*Data shown:*
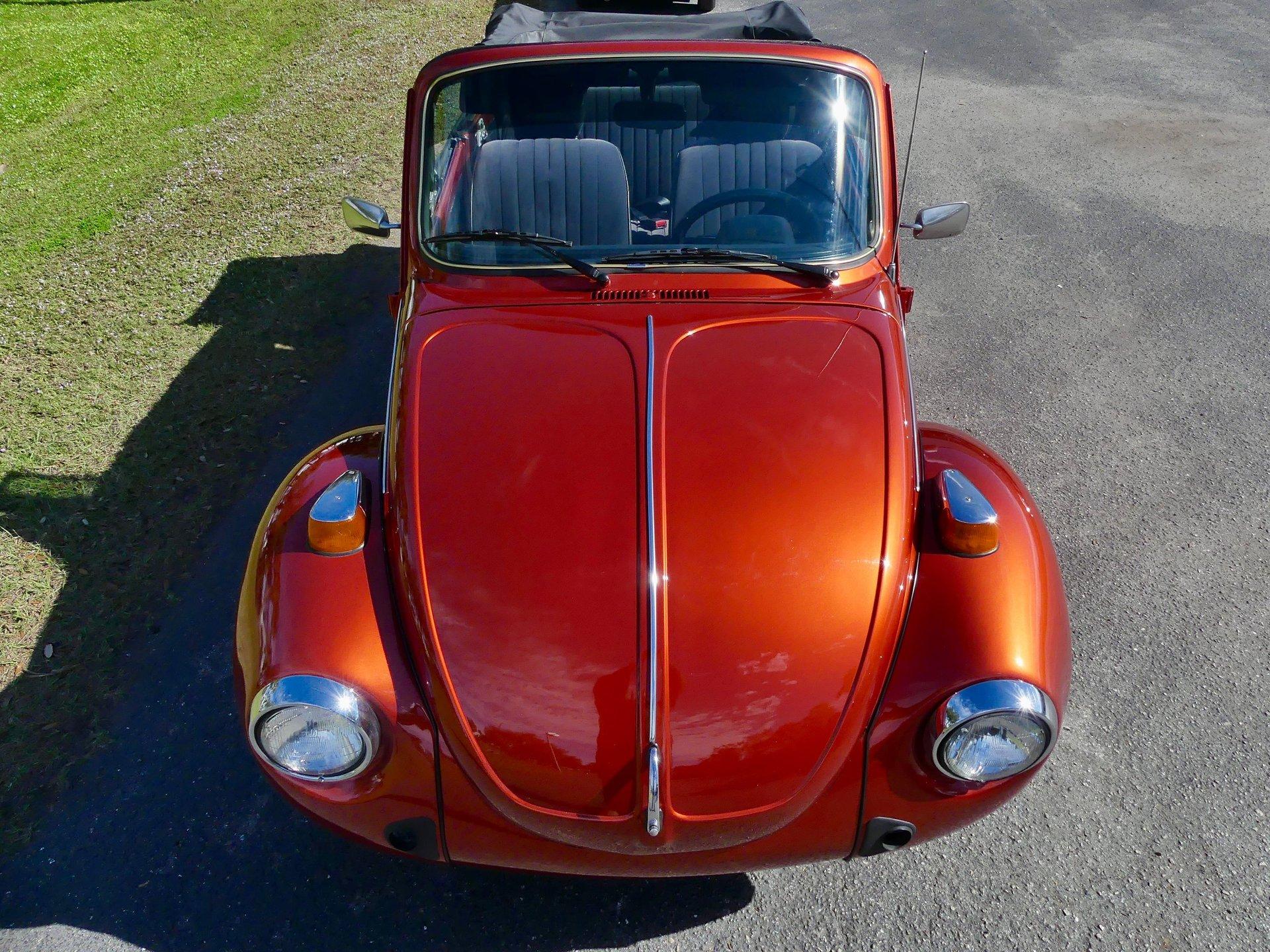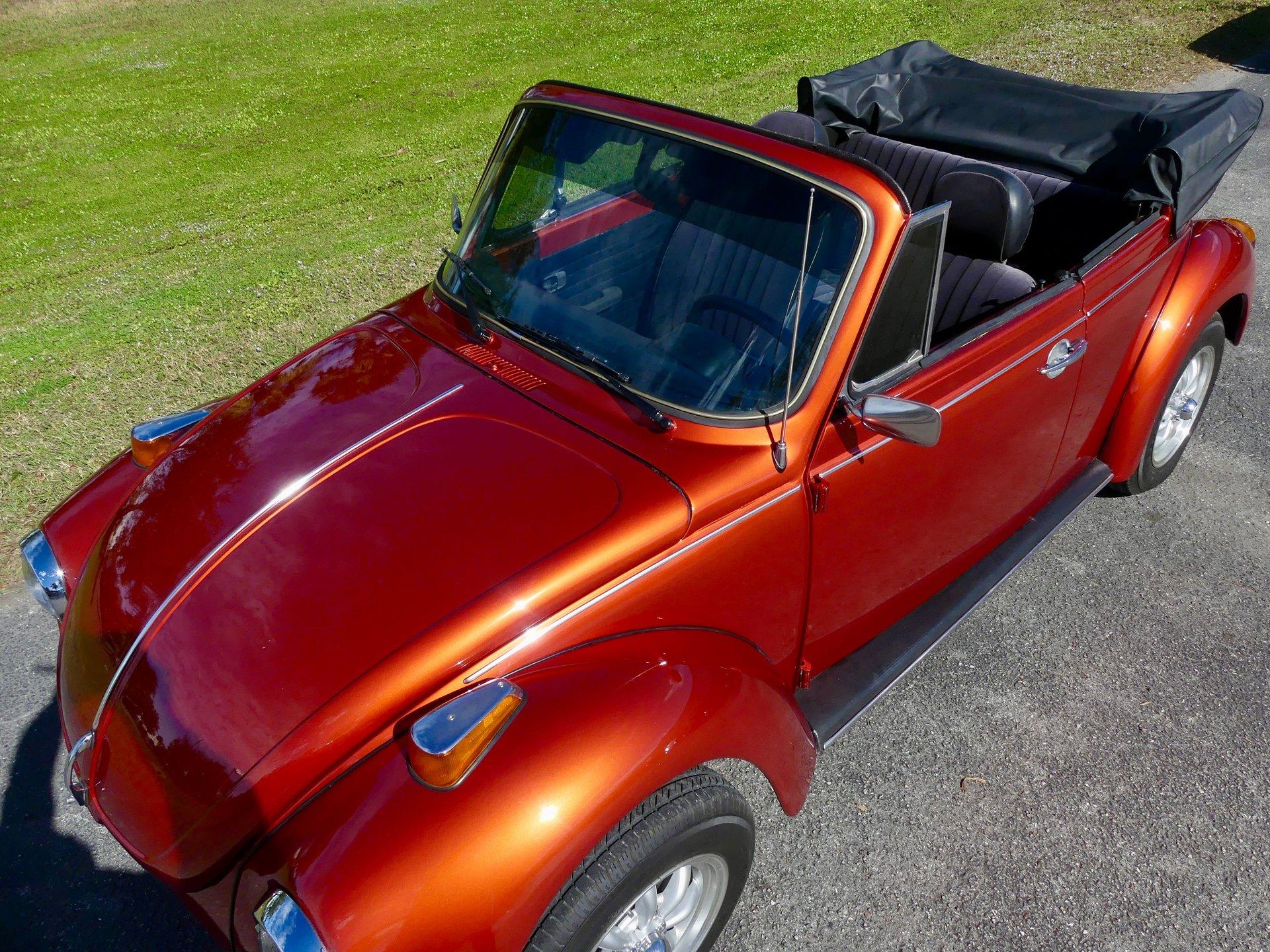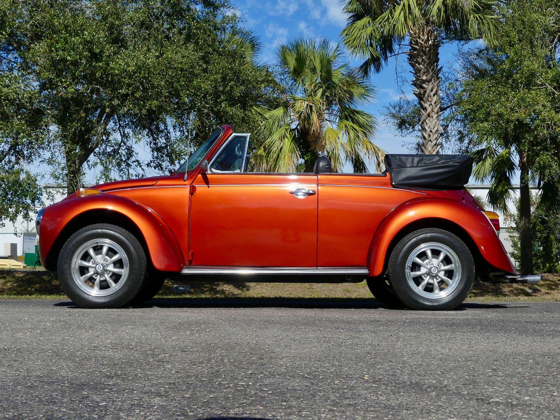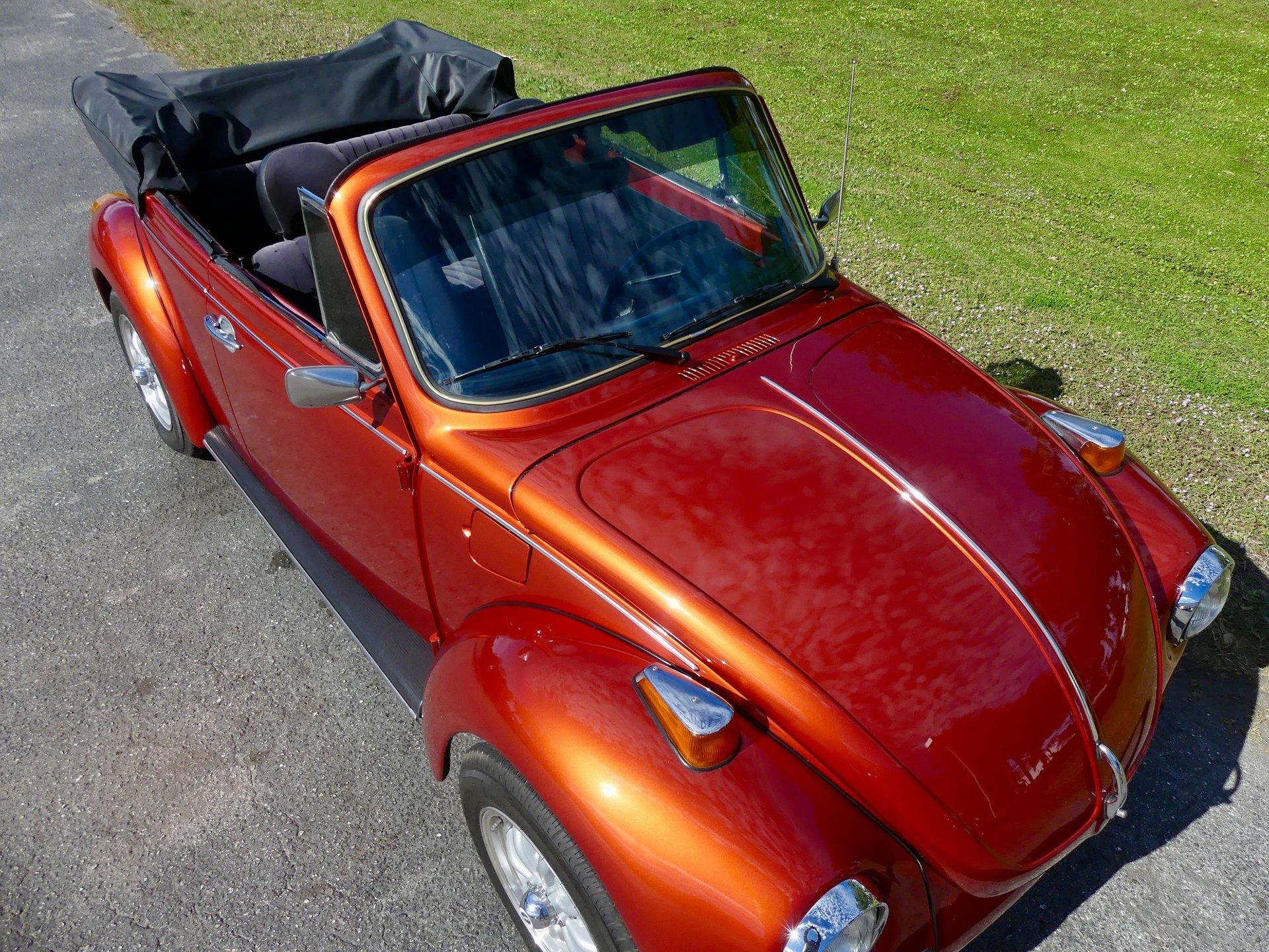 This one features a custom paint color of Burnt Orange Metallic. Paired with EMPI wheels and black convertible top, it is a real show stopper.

--

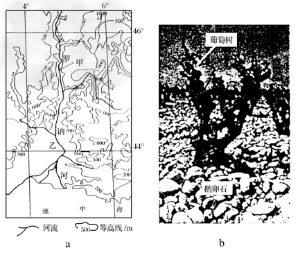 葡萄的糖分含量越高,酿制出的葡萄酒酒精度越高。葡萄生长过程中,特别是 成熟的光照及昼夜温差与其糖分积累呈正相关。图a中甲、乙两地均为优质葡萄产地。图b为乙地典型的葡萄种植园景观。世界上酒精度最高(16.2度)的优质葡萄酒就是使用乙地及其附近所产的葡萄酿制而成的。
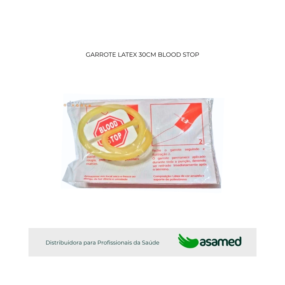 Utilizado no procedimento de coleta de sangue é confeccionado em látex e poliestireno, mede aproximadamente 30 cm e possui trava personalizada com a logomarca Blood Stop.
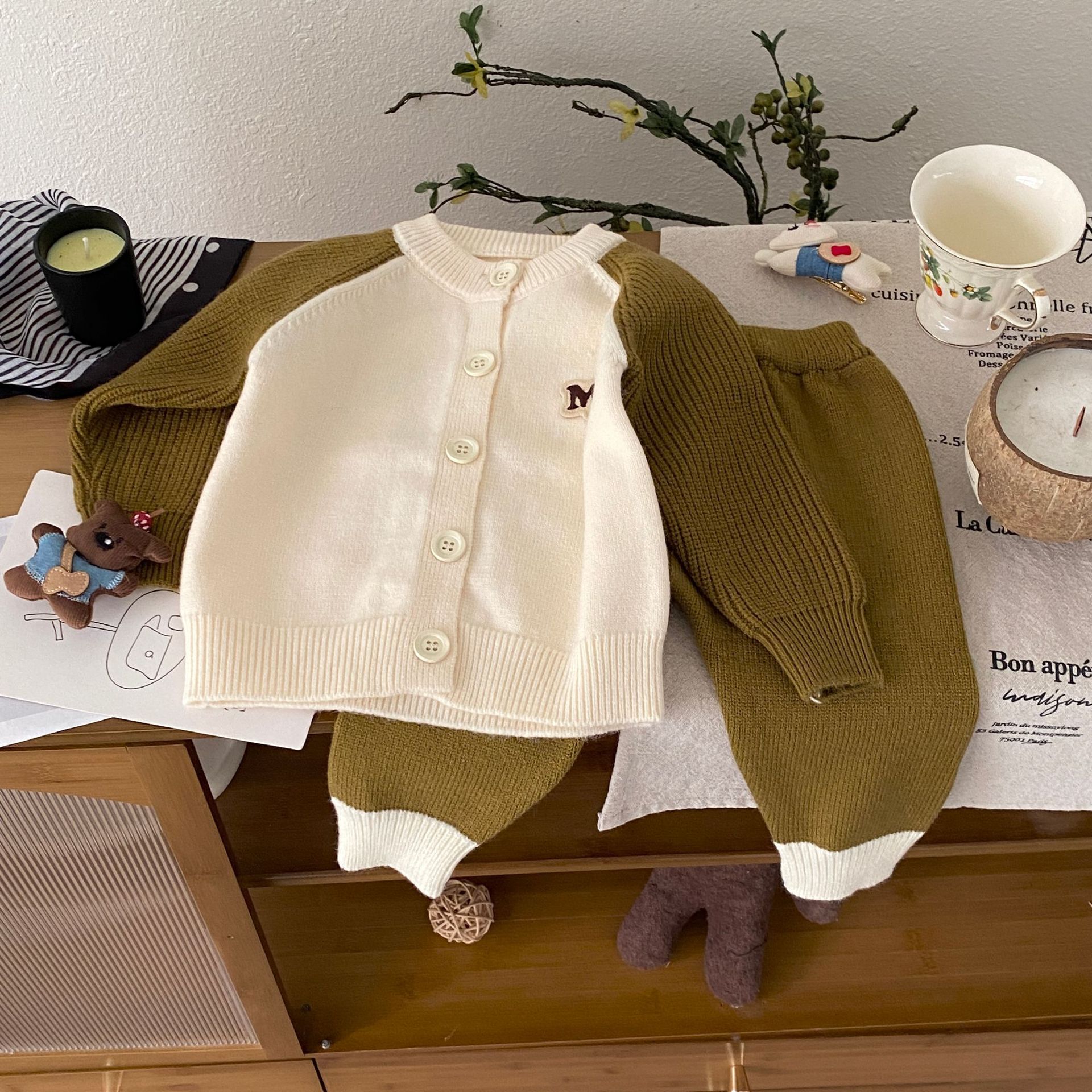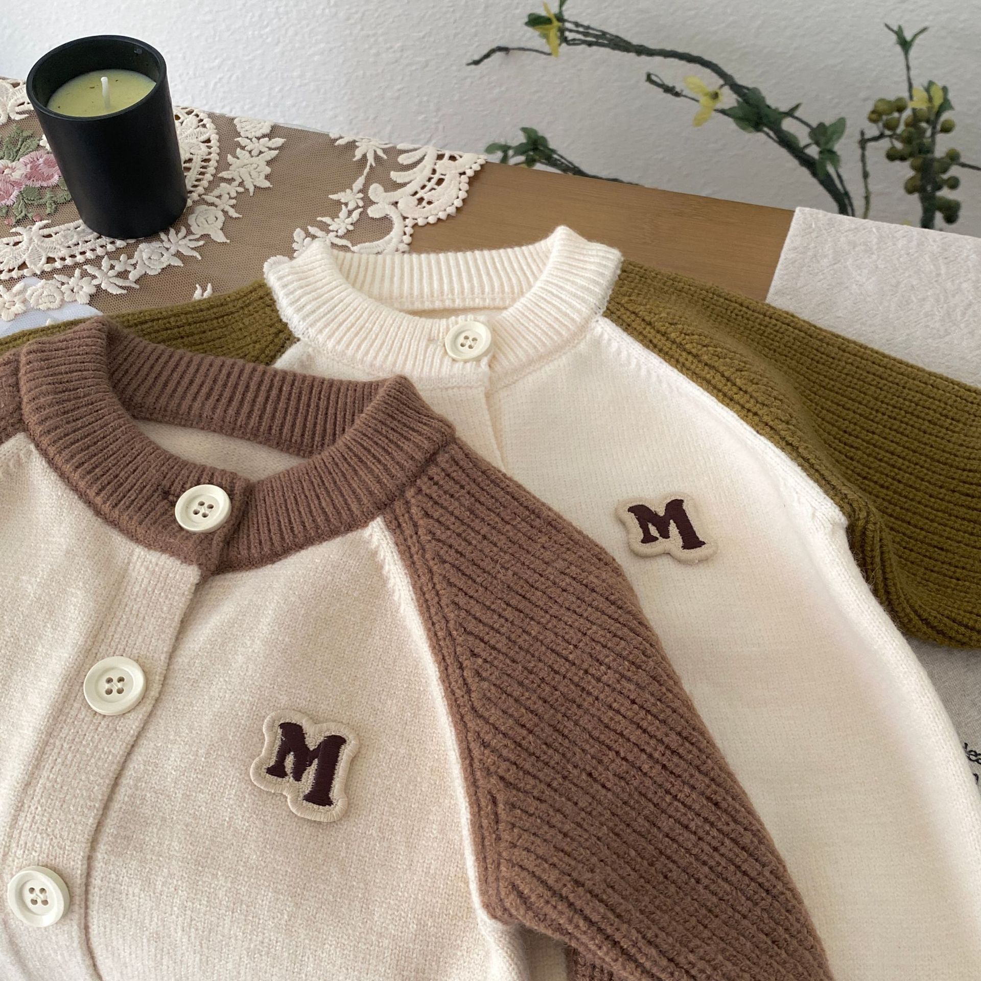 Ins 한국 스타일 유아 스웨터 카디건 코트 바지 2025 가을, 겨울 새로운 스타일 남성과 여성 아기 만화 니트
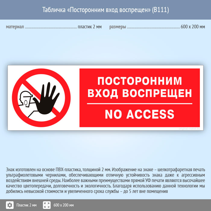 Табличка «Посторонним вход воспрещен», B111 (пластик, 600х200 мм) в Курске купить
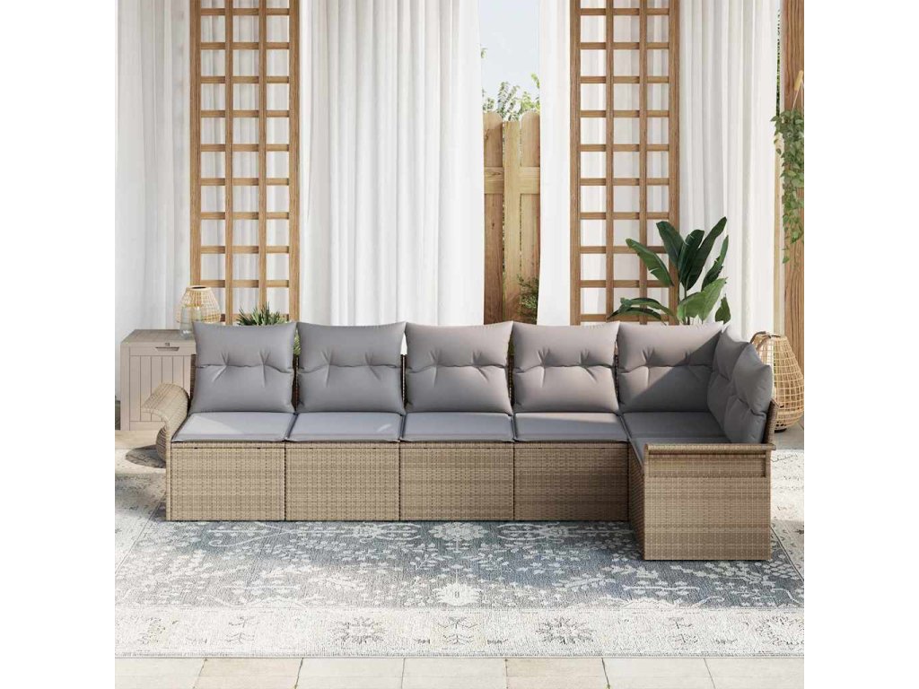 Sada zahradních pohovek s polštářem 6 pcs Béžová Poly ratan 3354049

*What the task requires:* Line for line, output the entries above from the line with "Utilizado no procedimento" to the line with "Sada zahradních pohovek", both included, and nothing more. Skip pictures.

*Final answer:*
 Utilizado no procedimento de coleta de sangue é confeccionado em látex e poliestireno, mede aproximadamente 30 cm e possui trava personalizada com a logomarca Blood Stop.
 Ins 한국 스타일 유아 스웨터 카디건 코트 바지 2025 가을, 겨울 새로운 스타일 남성과 여성 아기 만화 니트
 Табличка «Посторонним вход воспрещен», B111 (пластик, 600х200 мм) в Курске купить
 Sada zahradních pohovek s polštářem 6 pcs Béžová Poly ratan 3354049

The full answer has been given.